Storage can become very expensive, and although data can be stored for a long time, it is rarely used because of cost.
In case the copy is out of sync, the message may be lost.
The number of broker, topic, partitions, and replicas must be planned and calculated in advance (ensuring planned future usage growth) to avoid scaling issues, which is very difficult.
If only a messaging system is needed, using offsets can be complex.
Cluster rebalancing affects the performance of connected producers and consumers.
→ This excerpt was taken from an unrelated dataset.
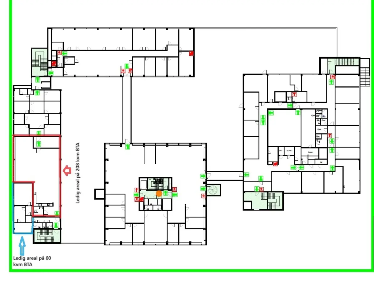 Kontor-/behandlingslokaler: På 60 og 208 kvm BTA. Arealet på 208 kvm BTA består av åpent landskapsareal, kjøkken, møterom og HCWC. Arealet på 60 kvm BTA. trenger oppussing og vil bli tilpasset etter leietakers behov. Felles toaletter i gangen.

MirrorMaker [3] there is a problem with Geo replication mechanism. Companies like Uber have created their own solutions to overcome these problems.
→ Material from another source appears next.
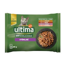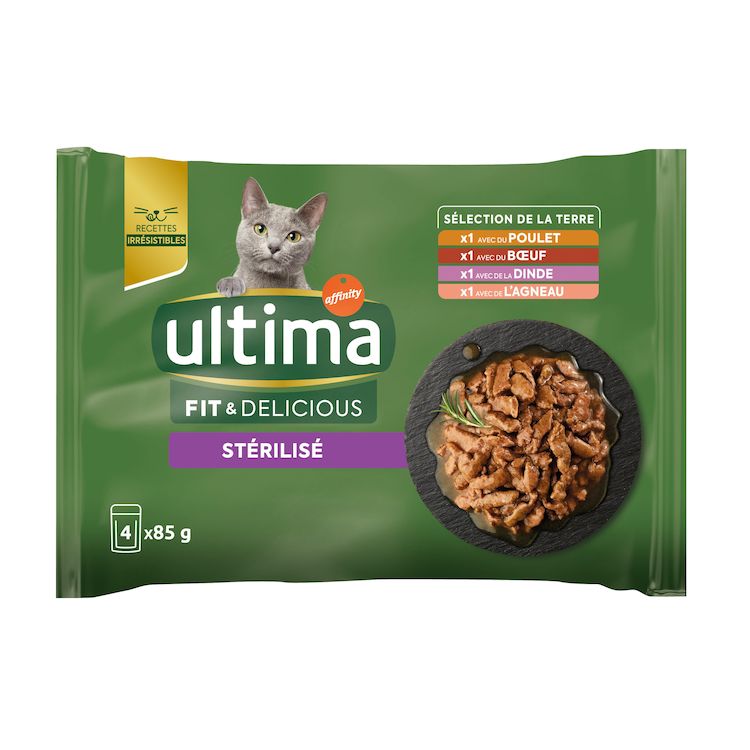 Ultima Fit & Delicious, des recettes savoureuses dans une sauce délicieuse qui aident votre chat stérilisé à contrôler son poids et à rester agile.

As you can see, most of the problems are related to operation and maintenance. Although it is relatively easy to install, Kafka is difficult to manage and tune. Moreover, it also lacks the flexibility and flexibility it should have.
Basic knowledge of Pulsar
Pulsar by Yahoo! Founded in 2013 and donated to the Apache Foundation in 2016. Pulsar is now a top-level project of the Apache Software Foundation.
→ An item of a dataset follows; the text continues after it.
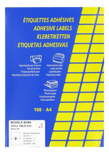 ETIQUETTE JET D'ENCRE ET LASER 210 X 148,5 MM BLEUE - BOÎTE DE 200

Yahoo!, Verizon, Twitter and other companies have used it to process thousands of messages in production. It has the characteristics of low operating cost and flexibility. Pulsar is designed to solve most of the challenges of Kafka and make it easier to extend.
Pulsar is very flexible: it can be applied to both distributed logging application scenarios such as Kafka and pure messaging system scenarios such as RabbitMQ.
It supports multiple types of subscriptions, multiple delivery guarantees, retention policies, and ways to handle schema evolution, among many other features.
Pulsar architecture diagram [4]
Pulsar has the following features:
Built-in multi-tenancy, different teams can use the same cluster and isolate it, solving many management problems. It supports isolation, authentication, authorization, and quotas.
Multi-tier architecture: Pulsar stores all topic data in a professional data tier supported by Apache BookKeeper.
The separation of storage and messaging solves many of the problems of expanding, rebalancing, and maintaining clusters. It also improves reliability and makes it almost impossible to lose data.
In addition, the BookKeeper can be directly connected when reading data without affecting real-time uptake. For example, you can use Presto to perform SQL queries on topic, similar to KSQL, but without affecting real-time data processing.
Virtual topic: due to the n-tier architecture, there is no limit to the number of topic, topic and its storage are separate. Users can also create non-persistent topic.
N-tier storage: one of the problems with Kafka is that storage costs can become higher. As a result, it is rarely used to store "cold" data, and messages are often deleted, Apache Pulsar can automatically offload old data to Amazon S3 or other data storage systems with tiered storage, and still show a transparent view to clients; Pulsar clients can read from time nodes as if all messages were in the log.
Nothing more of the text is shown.